The perfect little book to get you through winter’s doldrums
We have entered the torpor of deep winter. Here in Minnesota, where I live, the snow and cold keep me indoors in the short afternoons and, too often, napping.
But for Val McDermid, these cold, dark months are not a time of dormancy — they are the most stimulating of the year. Winter, she writes in her new book of short essays, “Winter: The Story of a Season,” is a time of energy, bonfires and holidays. It’s a time of childhood memories and a time of work. It’s her “chosen season of creativity.” After the “wild pleasures” of new year celebrations are over, she sits down and begins her next novel.
“Winter” is an odd, unexpected and quite lovely book from McDermid, the prolific Scottish mystery writer whose books, including the Karen Pirie series, have sold more than 19 million copies around the world. This book is nothing like them.

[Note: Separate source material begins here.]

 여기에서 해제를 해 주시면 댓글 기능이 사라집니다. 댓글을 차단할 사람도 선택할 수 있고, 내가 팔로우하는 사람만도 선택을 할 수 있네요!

McDermid has said she will never write a memoir. But what she offers here might be better: Interspersed among the chapters about food and holidays and ancient tombs are brief glimpses of her past — snapshots of a life in full color. We see her skating fiercely across a pond, “stopping with a spray of ice crystals from the serrated tip of one blade,” and reliving memories of the time a stash of fireworks all went up at once when her father tripped and dropped a lighted candle. “Within seconds, the whole box was aflame. A cacophony of bangs and screaming whistles, rainbows of color flying in all directions, a spectacular I’d never dreamed of.”
McDermid moves seamlessly from memories of childhood to reminiscences of holidays and contemporary glimpses into how she writes. “I brew a mug of coffee, pull on my felt, fingerless Icelandic mittens, boot up the computer, put on some music … and move slowly forward, one sentence at a time.” The bleakness of the barren landscape outside “makes it easy to follow strange tracks in my mind,” she says. The lack of warmth and sun makes it easy to stay at her desk.

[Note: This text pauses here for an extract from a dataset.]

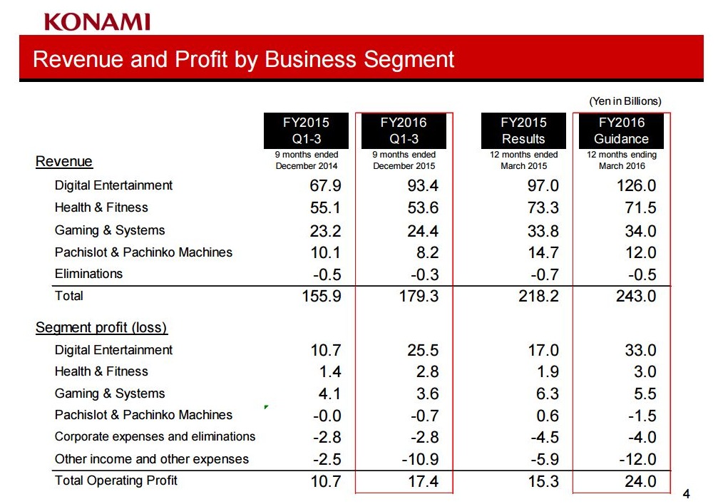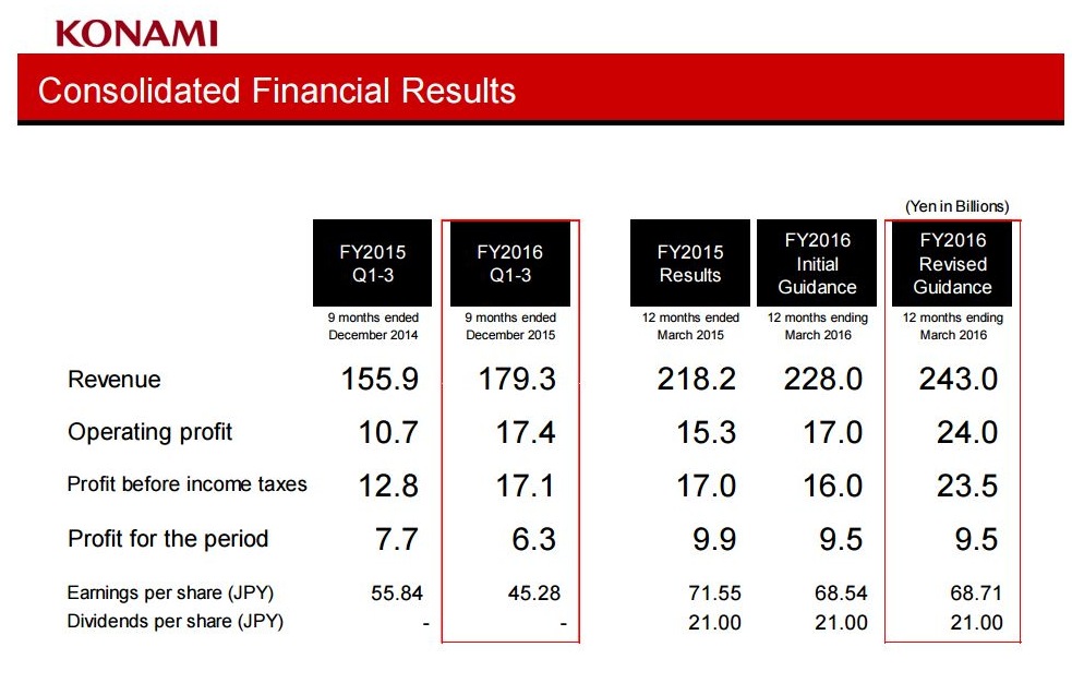 Konami je danas objavio svoje financijske rezultate koji se odnose na kraj prošle godine i idu unatrag devet mjeseci. Sve u svemu, izvještaj prikazuje dosta pozitivne rezultate. Na slici ispod možete vidjeti porast profita s obzirom na 2014.godinu i isto razdoblje:

But “Winter” is more than her memories; it is a celebration of all things cold, dark and Scottish. In short, evocative chapters McDermid slides gracefully from topic to topic. She opens one chapter with her preference for train travel (“flying is too bitty”), and then suddenly she’s on the train, settling down with a book and a “wee bit of water” “smooshed” into some whiskey, staring out at the Russian landscape. “The snow was whirling, a confusion of white against the lace curtains of the carriage, the city’s lights an eerie smudge in the background. … I imagined a fur-clad Cossack on horseback, galloping through the snow.”
It’s a pleasure to move with McDermid as she goes from working in her office to recalling how, as a teenager, she sang in folk clubs, which reminds her of living in damp and chilly Oxford during her college years, eager to get back to the brittle cold of Scotland. The memories are stitched together by McDermid’s love of winter and her love of her hometown of Fife, near the Firth of Forth. How can you not love a country with such place names?

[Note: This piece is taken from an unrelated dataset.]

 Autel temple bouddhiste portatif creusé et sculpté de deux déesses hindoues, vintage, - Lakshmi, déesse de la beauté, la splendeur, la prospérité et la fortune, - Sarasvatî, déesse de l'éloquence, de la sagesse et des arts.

McDermid drops Scottish words into the text, giving it flavor and homeyness — dreich (“dreary”), widdershins (“counterclockwise”), shoogle (“shake”) and dooking (“dunking”) for apples. Then there’s the Samhuinn fire festival, St. Andrew’s Night, Saturnalia and Up Helly Aa. Up Helly Aa? This, as it turns out, is a festival specific to the Shetland Islands that involves marching with flaming torches and then setting a Viking ship ablaze.
“Winter” is about winter, of course, and about Scottish winter specifically, but it is mostly about the things that inspire McDermid and make her happy. It is a memoir of her heart.
Black-and-white ink drawings by Devon artist Philip Harris, reminiscent of the etchings of Rockwell Kent, bring the season to vivid and joyful life.
If this January, during “the poor relation of the seasons,” you’re “longing for warmth and light and escape,” you just might find those things inside this delightful book.